We were all each other had after our adoptive father died and our adoptive mother retreated into her grief, barely acknowledging our existence.

Two abandoned kids clinging to each other in a world that had never wanted either of us.

And I’d failed her. Just like everyone else in her life.

My hands shook as I pulled my phone from my pocket, dialing 911. My voice sounded distant and hollow as I reported the suicide, gave the address, answered their questions mechanically.

When I hung up, I gently laid Reese’s body on the bed, closing her eyes with trembling fingers. “I’m sorry,” I whispered, though she couldn’t hear me anymore. “I’m so fucking sorry.”

I stood on unsteady legs, my shirt and hands covered in her blood. I needed to check on the boys. They were my responsibility now. The thought hit me like a physical blow. I was all they had left.

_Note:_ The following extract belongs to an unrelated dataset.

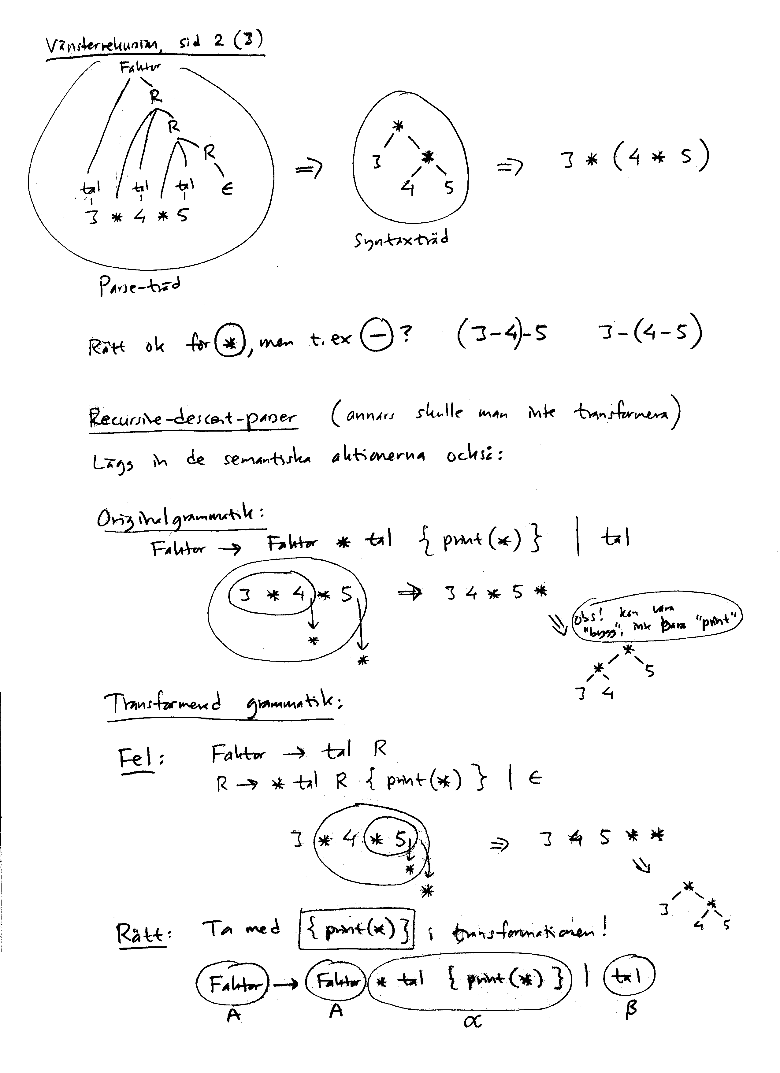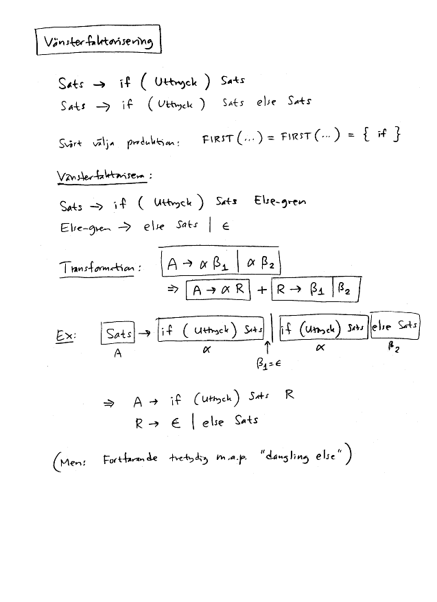 b) Vilka problem är det man vill undvika genom att göra dessa transformationer? Förklara vad som händer i parsern om man inte gör dem, gärna med konkreta exempel.

As I moved toward the door, something caught my eye on Reese’s dresser. Mail, stacked neatly despite the chaos around it. And right on top, an envelope addressed to me.

I picked it up, immediately recognizing the handwriting. Draya. Tyran’s sister. What the hell was she doing writing to me here?

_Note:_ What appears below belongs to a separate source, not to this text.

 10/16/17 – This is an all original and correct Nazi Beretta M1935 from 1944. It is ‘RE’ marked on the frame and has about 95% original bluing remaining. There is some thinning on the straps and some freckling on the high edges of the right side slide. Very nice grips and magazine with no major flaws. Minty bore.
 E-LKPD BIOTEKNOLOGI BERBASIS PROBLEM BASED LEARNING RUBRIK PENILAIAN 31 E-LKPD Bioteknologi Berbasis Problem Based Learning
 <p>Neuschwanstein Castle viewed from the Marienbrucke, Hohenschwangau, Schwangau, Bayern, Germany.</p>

I slid the letter into my pocket, unable to deal with one more complication right now. The police would be here soon. I needed to be with Hunter and Josiah, to somehow find the words to tell them their mother was gone.

The walk downstairs felt like miles. Each step carried the weight of what had just happened, what I’d just become, a man responsible for raising two young boys on my own.

I’d killed their father at their mother’s request, and now she was gone too, by her own hand.

The cycle of violence and abandonment that had defined my life was now threatening to swallow theirs.

Outside, I could see their small faces pressed against the window of my Range Rover. Their eyes wide with fear and hope. Hope that I’d somehow fixed everything, that I was bringing their mother out to tell them it was all better now.

But all I had was her blood on my hands and the image of her suicide that I would never be able to wash away.